首先试图从SlotSharingGroupAssignment中分配slot

slotFromGroup = assignment.getSlotForTask(vertex)，参考，Flink – SlotSharingGroup

如果没有发现local的slot，试图为该vertex创建一个新的slot，

newSlot = getNewSlotForSharingGroup(vertex, locations, assignment, constraint, localOnly); //试图为SharingGroup申请一个新的slot

    protected SimpleSlot getNewSlotForSharingGroup(ExecutionVertex vertex,

                                                    Iterable<TaskManagerLocation> requestedLocations,

                                                    SlotSharingGroupAssignment groupAssignment,

                                                    CoLocationConstraint constraint,

                                                    boolean localOnly)

    {

        // we need potentially to loop multiple times, because there may be false positives

        // in the set-with-available-instances

        while (true) {

            Pair<Instance, Locality> instanceLocalityPair = findInstance(requestedLocations, localOnly); //根据locations信息找到local的instance

            if (instanceLocalityPair == null) { //如果没有可用的instance，返回null

                // nothing is available

                return null;

            }

            final Instance instanceToUse = instanceLocalityPair.getLeft();

            final Locality locality = instanceLocalityPair.getRight();

            try {

                JobVertexID groupID = vertex.getJobvertexId();

                // allocate a shared slot from the instance

                SharedSlot sharedSlot = instanceToUse.allocateSharedSlot(vertex.getJobId(), groupAssignment); //从instance申请一个SharedSlot

                // if the instance has further available slots, re-add it to the set of available resources.

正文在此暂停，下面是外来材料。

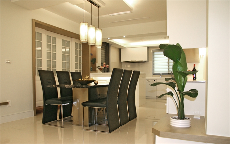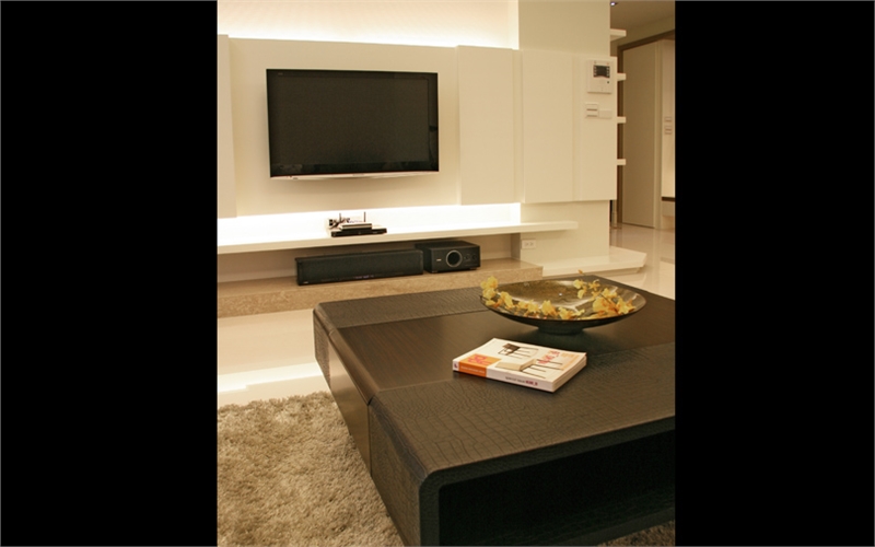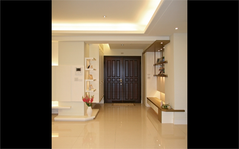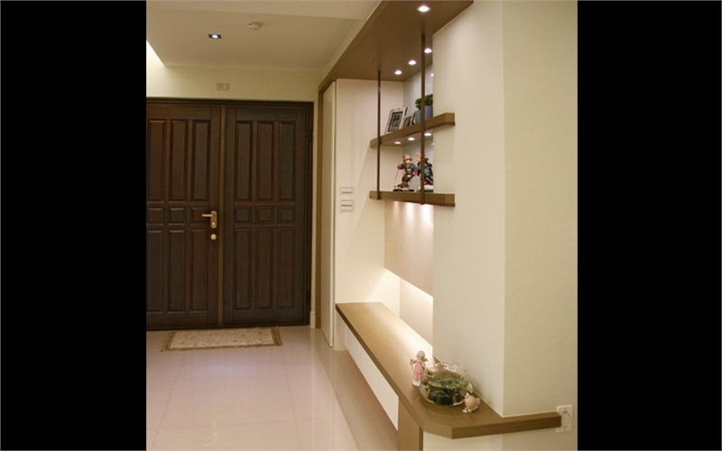 由玄關至客廳,由走道至餐廳,藉由具延伸效果的櫃體設計,帶動視線轉移,串聯各空間,也讓每一轉角處都能妝點幸福的風景。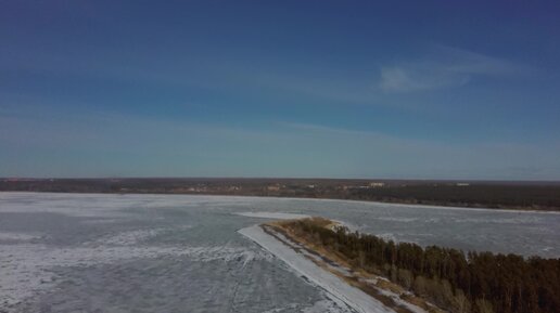 Бердская коса весной. Обское море под льдом, парк отдыха зелёный остров.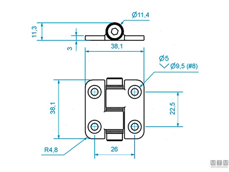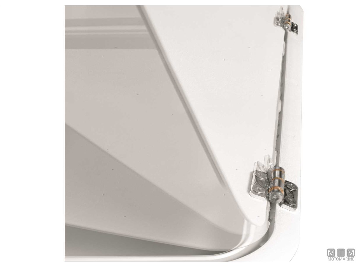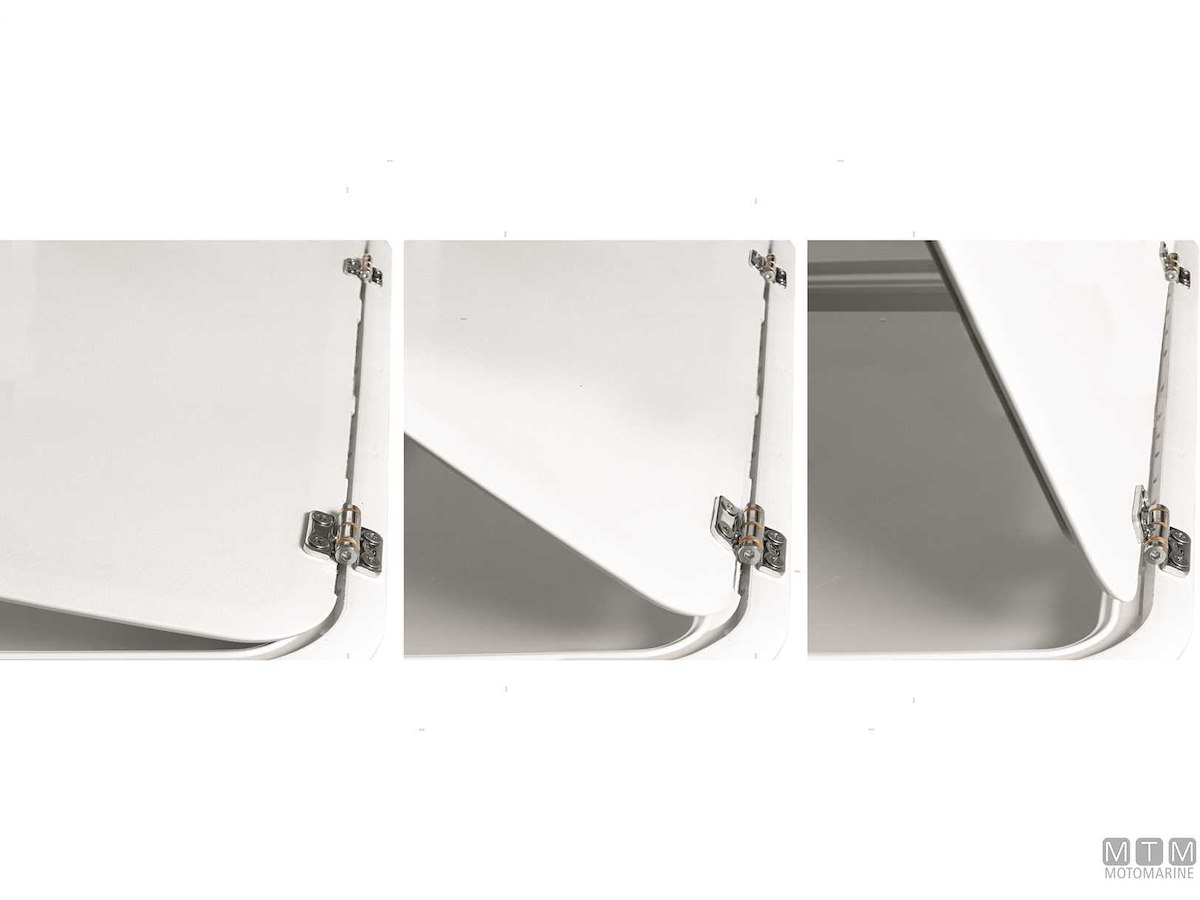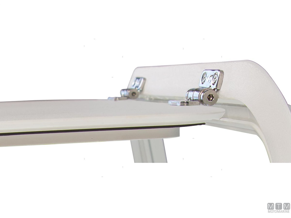 Cerniera Roca in Acciaio Inox frizionata con sistema a cuscinetti in Bronzo GEM. Progettata per l'ambiente marino, permette di aprire e chiudere porte, portelli e chiusure senza urti e danni da fine corsa o da colpi di vento. Il momento torcente della frizione può essere regolato con vite a brugola sul perno, migliorando l'efficacia della cerniera.

                if (instanceToUse.hasResourcesAvailable()) { //如果这个instance还有多余的资源，再加入instancesWithAvailableResources，下次还能继续用来分配

                    this.instancesWithAvailableResources.put(instanceToUse.getTaskManagerID(), instanceToUse);

                }

                if (sharedSlot != null) {

                    // add the shared slot to the assignment group and allocate a sub-slot

                    SimpleSlot slot = constraint == null ?

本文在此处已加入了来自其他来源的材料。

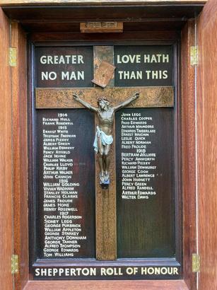 On Closed Doors: FOR GOD KING & COUNTRY; Inside: GREATER LOVE HATH NO MAN THAN THIS/ (names)/SHEPPERTON ROLL OF HONOUR

                            groupAssignment.addSharedSlotAndAllocateSubSlot(sharedSlot, locality, groupID) : //把分配的SharedSlot加到SlotSharingGroup的SlotSharingGroupAssignment中，并返回SharedSlot所持有的slot

                            groupAssignment.addSharedSlotAndAllocateSubSlot(sharedSlot, locality, constraint);

                    if (slot != null) {

                        return slot;

                    }

                    else {

                        // could not add and allocate the sub-slot, so release shared slot

                        sharedSlot.releaseSlot();

                    }

                }

            }

            catch (InstanceDiedException e) {

                // the instance died it has not yet been propagated to this scheduler

                // remove the instance from the set of available instances

                removeInstance(instanceToUse);

            }

            // if we failed to get a slot, fall through the loop

        }

    }

findInstance

    private Pair<Instance, Locality> findInstance(Iterable<TaskManagerLocation> requestedLocations, boolean localOnly) {

        // drain the queue of newly available instances

        while (this.newlyAvailableInstances.size() > 0) { //BlockingQueue<Instance> newlyAvailableInstances

            Instance queuedInstance = this.newlyAvailableInstances.poll();

            if (queuedInstance != null) {

                this.instancesWithAvailableResources.put(queuedInstance.getTaskManagerID(), queuedInstance); // Map<ResourceID, Instance> instancesWithAvailableResources

            }

        }

        // if nothing is available at all, return null

        if (this.instancesWithAvailableResources.isEmpty()) {

            return null;

        }

        Iterator<TaskManagerLocation> locations = requestedLocations == null ? null : requestedLocations.iterator();

        if (locations != null && locations.hasNext()) { //如果有prefered locations，优先找相对应的Instance

            // we have a locality preference

            while (locations.hasNext()) {

                TaskManagerLocation location = locations.next();

                if (location != null) {

                    Instance instance = instancesWithAvailableResources.remove(location.getResourceID()); //找到对应于perfer location的Instance

                    if (instance != null) {

                        return new ImmutablePair<Instance, Locality>(instance, Locality.LOCAL);

                    }

                }

            }

            // no local instance available

            if (localOnly) { //如果localOnly，而前面又没有找到local的，所以只能返回null

                return null;

            }

            else {

                // take the first instance from the instances with resources

                Iterator<Instance> instances = instancesWithAvailableResources.values().iterator();

                Instance instanceToUse = instances.next();

                instances.remove();

                return new ImmutablePair<>(instanceToUse, Locality.NON_LOCAL); //由于前面没有找到local的，所以返回第一个instance，locality为non_local

            }

        }

        else {

            // no location preference, so use some instance

            Iterator<Instance> instances = instancesWithAvailableResources.values().iterator();

            Instance instanceToUse = instances.next();

            instances.remove();

            return new ImmutablePair<>(instanceToUse, Locality.UNCONSTRAINED); //没有约束，也是取第一个instance，locality为UNCONSTRAINED

        }

    }

Instance.allocateSharedSlot

    public SharedSlot allocateSharedSlot(JobID jobID, SlotSharingGroupAssignment sharingGroupAssignment)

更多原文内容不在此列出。